As I sit here about to watch the start of the Australian Open Men’s Final, it occurs to me that I have no idea what the difference is between ‘Seeding’ and ‘Ranking’.
If someone is ranked 134th in the world, I’m guessing that they are the 134th best player in the world according to all the matches and tournaments they’ve played. That seems simple enough!
But where do the ‘seed’ lists come in? One of the players in tonight’s final is Songe, a French bloke who is apparently ‘unseeded’ but who must have a ‘ranking’ on the world tennis circuit. He hasn’t just appeared out of the blue, surely?
In the majors the “best” 32 players in the draw are seeded so that they don’t meet until the later rounds. If you go here you can see how the seeds were spread out through the draw in the Australian Open.
Usually the seedings follow the rankings but not always. Wimbledon sometimes seeds clay court specialists lower than their ranking.
The worst player in the draw always plays the toughest opponents first up. I remember reading an interview with a guy years ago who drew Lendl or McEnroe in the first round of every tournament he ever played because his ranking was so low.
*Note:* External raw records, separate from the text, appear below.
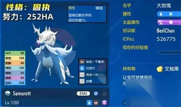 大剑鬼是五代合众地区的御三家,属性为水+格斗,是一个非常霸气的宝可梦,并且在传说阿尔宙斯中也是御三家,并且洗翠形态的锋锐特性现在看来非常强大,二者种族都是528。cpE 宝可梦朱紫大剑鬼种族多少 答:无论是普通还是洗翠都是528。cpE 1、一般形态和洗翠形态的大剑鬼种族和都是528,属于常规御三家的种族值,不过低了一点点,但是总体战斗力很强。cpE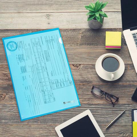 Папка-уголок плотная BRAUBERG SUPER, 0,18 мм, синяя, 270479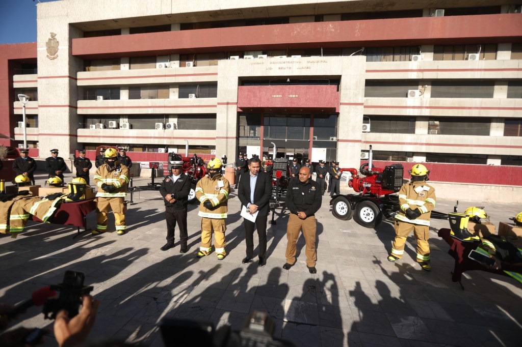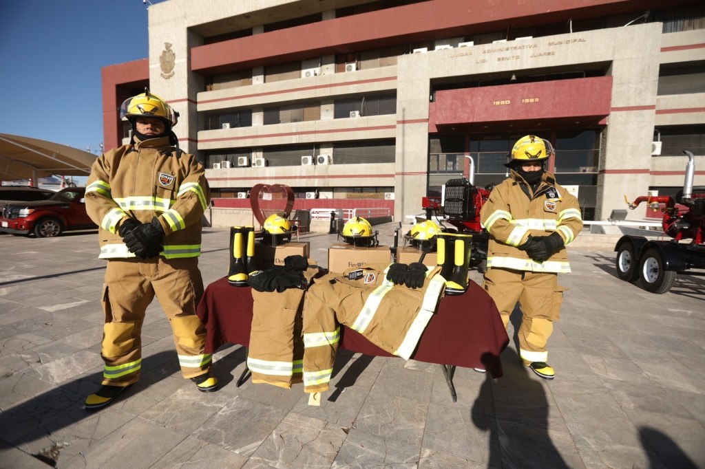 Ciudad Juárez.– Para fortalecer la capacidad de respuesta ante emergencias, esta mañana el Presidente Municipal, Cruz Pérez Cuéllar, entregó equipo especializado al Departamento de Bomberos.
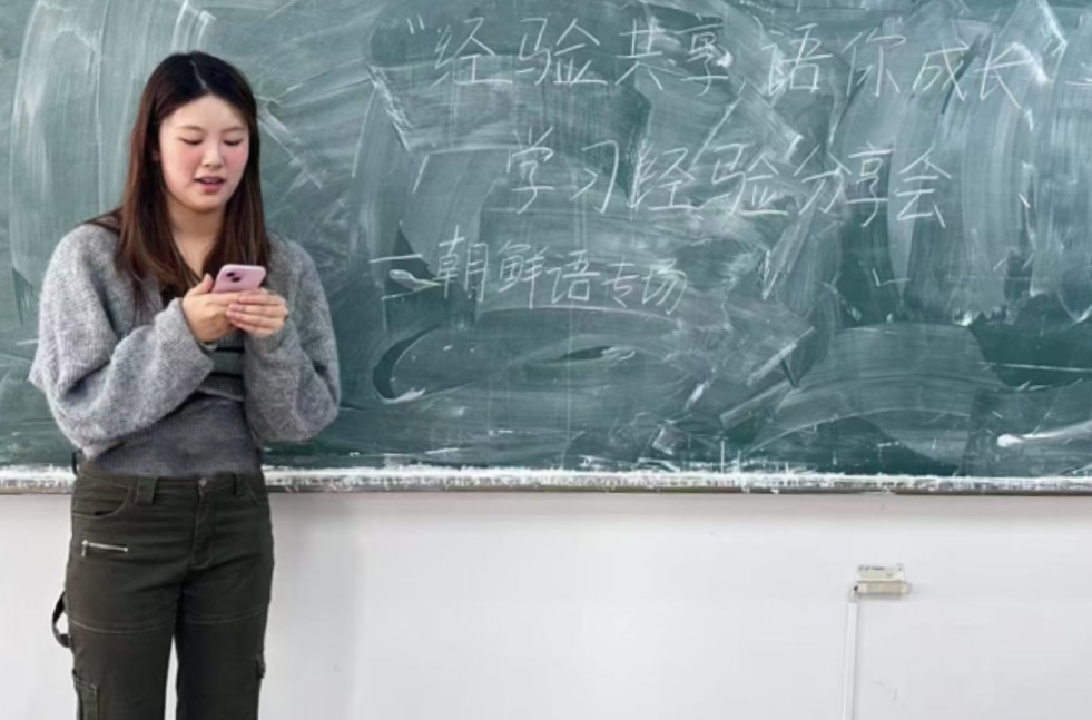 在朝鲜语学习经验交流会上,周子珍首先为大一学生介绍基础韩国语知识框架,剖析学习重点难点;接着又面向大二大三学生分享韩国语高阶学习方法、中韩互译技巧等,解决专业学习中的实际问题。

Thanks don’t ask. I’m not much of a tennis fan really, but there is nothing else on the telly tonight and, while I’m up with most of the jargon, the difference between the seedings and the rankings had me befuddled.
The important thing to keep in mind about seedings is that the seeded players are placed into the spots by a combination of their level of seed and luck of the draw. Thus, after the #1 and #2 are placed into the top and bottom brackets, respectively, the #3 and the #4 aren’t seeded like they are in, say, the NCAA basketball championship tournament. Instead, they are put into a hat and drawn out one at a time, so that #1 can play either #3 or #4. Then, with numbers 1 - 4 set, the #5 through #8 go into a hat, and are drawn out one at a time for their spots, so that if they win out as expected, they end up facing one of the top four seeds in the quarter-finals. Might be #1 vs. #8, but might be #1 versus #5, instead. Same for the #9 through #16, and then again for the #17 through #32.
I doubt that. When you have one of the finalists going for $10,000 for a $10 investment it is pretty easy to guarantee a profit by laying him or backing his opponent.
In a possibly uninteresting aside which I just recalled - years ago a bunch of us were talking about some tournament in which the top few seeds received a first round bye. Someone wondered how many matches would be played if there were 124 entrants and the top four seeds got byes. Everyone started to work it out, adding up the matches each round but one guy just instantly said, “One hundred and twenty three.”
I asked him how he got that so quickly and was most impressed with his answer, “Well everyone loses one match except the winner, so you need 123 matches for them each to lose one.”
This is a famous old “think outside the box” problem. In a single-elimination tournament, every match eliminates one player or team, so with N entrants the total number of matches is always N - 1.